Non è un caso se, differentemente da quello che sentiremmo dire dai pro-Pal italiani e da chi è loro fan, Israele non è così isolata in Medio Oriente come si crede: gli accordi di Abramo siglati nel 2020 tra Israele e mondo arabo, sotto la guida degli Stati Uniti del “guerrafondaio” Donald Trump (e non del “pacifista” Joe Biden), hanno creato nuovi legami tra lo Stato ebraico e gli altri Stati arabi. L’attacco missilistico di martedì di Teheran ha rafforzato la vicinanza a Israele da parte di quei Paesi, che si sono ovviamente stufati del rigidismo di una religione che, nella sua accezione più integralista, è l’unica a creare ancora barriere. Una vicinanza che si basa su relazioni pacifiche, su accordi e su questione economiche: è sempre il Dio denaro ad avere la meglio? Forse sì, e in questo caso è fondamentale. Perché per quanto possano esistere delle divergenze religiose, tra lo Stato ebraico e molti Paesi arabi scorre buon sangue: Emirates, ad esempio, continua ad operare senza sosta a Gerusalemme nonostante l’inasprimento del conflitto con Hamas. Come dire: se devono essere gli interessi commerciali a stabilizzare il Medio Oriente, ben venga. Sono con Israele l’Arabia Saudita e il suo capo Mohammed bin Salman, gli Emirati Arabi, Bahrein e anche la Giordania, che ha pure aiutato Gerusalemme durante l’attacco di Teheran intercettando diversi razzi che attraversavano il suo spazio aereo. Dunque, a essere davvero isolato è l’Iran, assieme alla miriade di organizzazioni terroristiche che finanzia. Isolato e debole, dato che il suo attacco missilistico, annunciato come potentissimo e distruttivo, ha in realtà causato pochi danni, facilmente schivato dalla contraerea israeliana, provocando anzi la morte di un palestinese in Cisgiordania.

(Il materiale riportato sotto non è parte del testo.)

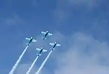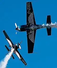 The team fly four Extra 300LPs and an Extra 330SC, the latter being used for solo sections of the performances.[7] These two-seated propeller aircraft are used for four plane displays as well as corporate flying events during which passengers can be carried on board.[8] The aircraft were originally painted orange and black but later changed to light blue and black. By 2013 they had reverted to the orange and black colour scheme.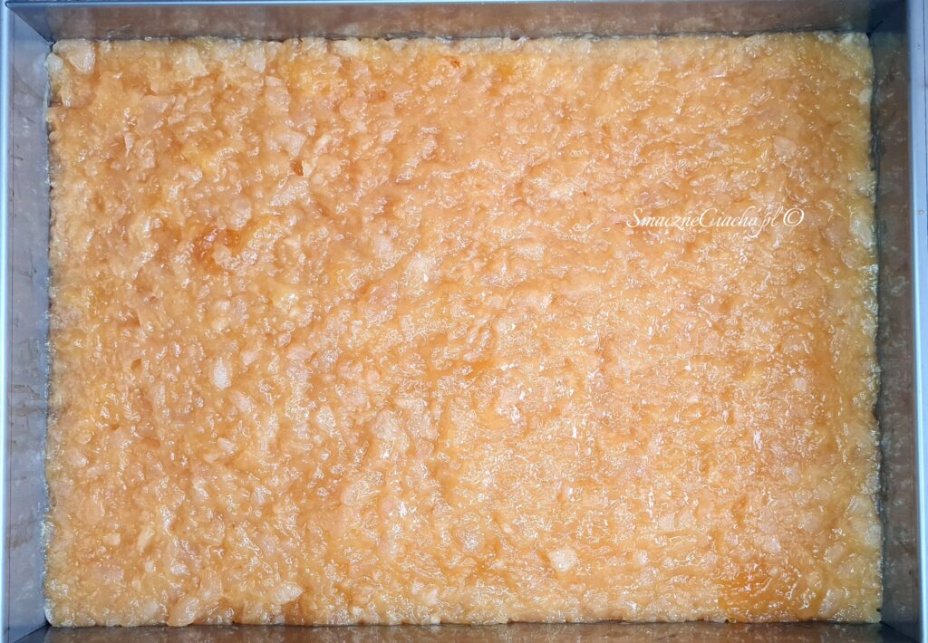3. Gdy mus jabłkowy zrobi się mocno ciepły i zgęstnieje, wyłóż go porcjami na biszkopt i wyrównaj. Pozostaw biszkopt z warstwą jabłkową na blacie na około 30 minut aż mus dobrze wystygnie. (Dla pewności można dodatkowo wstawić do lodówki na minimum 30 minut).

La diplomazia per una pace giusta

Detto ciò, la diplomazia deve fare la sua parte. Come si mobilitò, tramite Trump, per raggiungere gli accordi di Abramo, così ora deve muoversi per un cessate il fuoco in Palestina, considerando il suo popolo per ciò che è veramente, ossia una vittima del terrorismo di Hamas. Ieri Giorgia Meloni, presidente di turno del G7, ha riunito d’urgenza i capi di Stato dell’organizzazione; unico assente, Emmanuel Macron. Nella conferenza, si legge in una nota di Palazzo Chigi, “è stata reiterata la ferma condanna all’attacco iraniano contro Israele”, ribadendo che “un conflitto su scala regionale non è nell’interesse di nessuno e che una soluzione diplomatica risulta ancora possibile”. Un fatto che segna, ancora una volta, una netta differenza tra chi lavora per una pace giusta e chi, invece, vuole mandare tutto in caciara per mero tornaconto elettorale.